───── RECORD SET
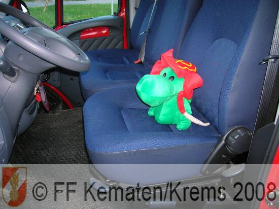 In solchen Situationen kommt der ?Traumabär? zum Einsatz, um dem Kind zu zeigen, dass auch er eine Uniform trägt und auf das Kind aufpassen wird. So wird den jungen Opfern etwas von Ihrer Angst genommen und es gibt einen Freund zum Festhalten. Bei der FF Kematen/Krems ist zwar kein ?Traumabär? im Einsatz, jedoch entschieden wir uns für ein Plüschtier in Form ? wie könnte es anders sein ? des Drachens Grisu mit dem klingenden Namen ?Helpi?. Helpi trägt einen roten Helm und fährt bei jedem Einsatz in unseren drei Einsatzfahrzeugen mit.
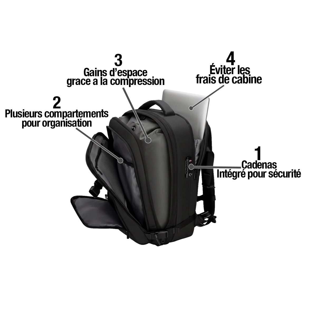 Compression sous vide intégrée pour maximiser votre espace tout en respectant les limites cabine.
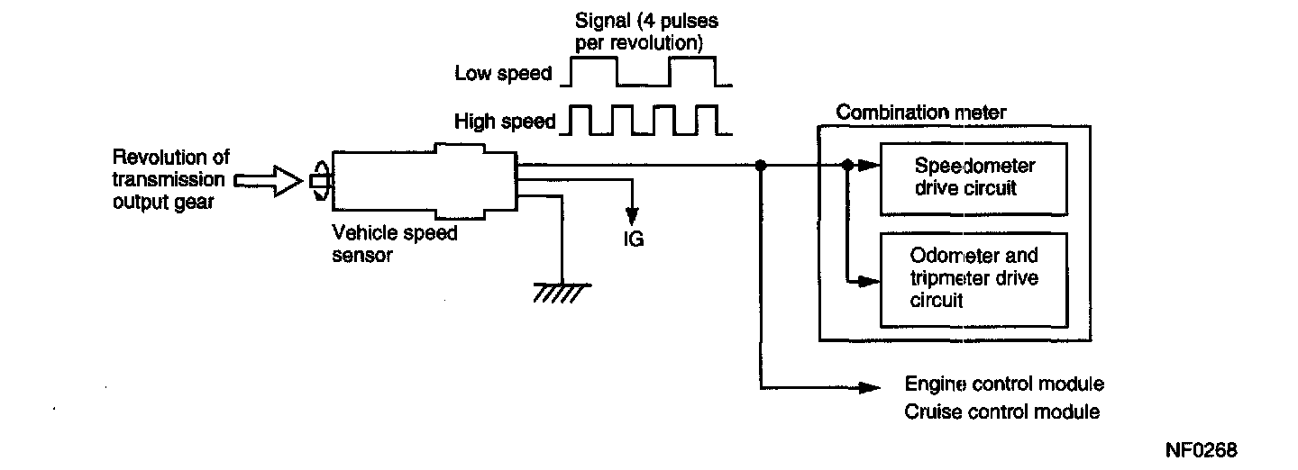 One turn of the driven key in the speed sensor sends 4 pulses to the combination meter, engine control module and cruise control module.
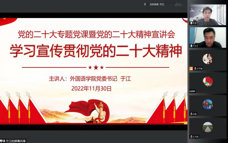 为深入学习宣传贯彻党的二十大精神,迅速在学院掀起学习热潮,11月30日晚,yl6809永利官网集团党委书记于江通过线上线下相结合的方式为学院全体师生党员和入党积极分子共约三百余人上了一堂党的二十大专题党课,并就学院学习贯彻党的二十大精神提出工作要求。
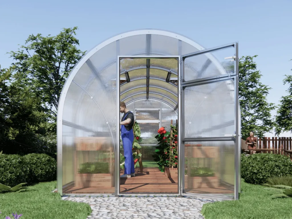 Detta växthus erbjuder enkel montering, en rymlig och luftig känsla samt en konstruktion med exceptionell motståndskraft mot både snö och vind.
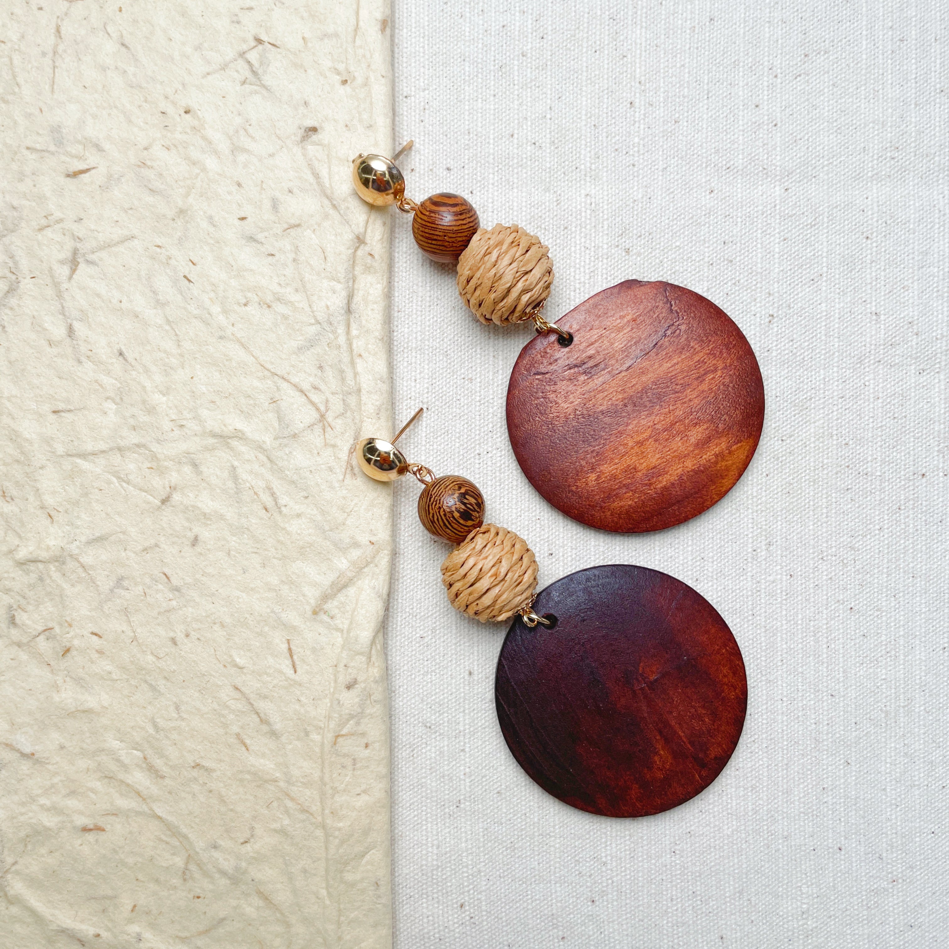 Wooden Tiered Statement Earrings – Tropical Boho Drop
──────────
HOW TO COMPLETE THIS TASK -
Set down the records above exactly, leaving out pictures.

OUTPUT OF THE EXERCISE -
 In solchen Situationen kommt der ?Traumabär? zum Einsatz, um dem Kind zu zeigen, dass auch er eine Uniform trägt und auf das Kind aufpassen wird. So wird den jungen Opfern etwas von Ihrer Angst genommen und es gibt einen Freund zum Festhalten. Bei der FF Kematen/Krems ist zwar kein ?Traumabär? im Einsatz, jedoch entschieden wir uns für ein Plüschtier in Form ? wie könnte es anders sein ? des Drachens Grisu mit dem klingenden Namen ?Helpi?. Helpi trägt einen roten Helm und fährt bei jedem Einsatz in unseren drei Einsatzfahrzeugen mit.
 Compression sous vide intégrée pour maximiser votre espace tout en respectant les limites cabine.
 One turn of the driven key in the speed sensor sends 4 pulses to the combination meter, engine control module and cruise control module.
 为深入学习宣传贯彻党的二十大精神,迅速在学院掀起学习热潮,11月30日晚,yl6809永利官网集团党委书记于江通过线上线下相结合的方式为学院全体师生党员和入党积极分子共约三百余人上了一堂党的二十大专题党课,并就学院学习贯彻党的二十大精神提出工作要求。
 Detta växthus erbjuder enkel montering, en rymlig och luftig känsla samt en konstruktion med exceptionell motståndskraft mot både snö och vind.
 Wooden Tiered Statement Earrings – Tropical Boho Drop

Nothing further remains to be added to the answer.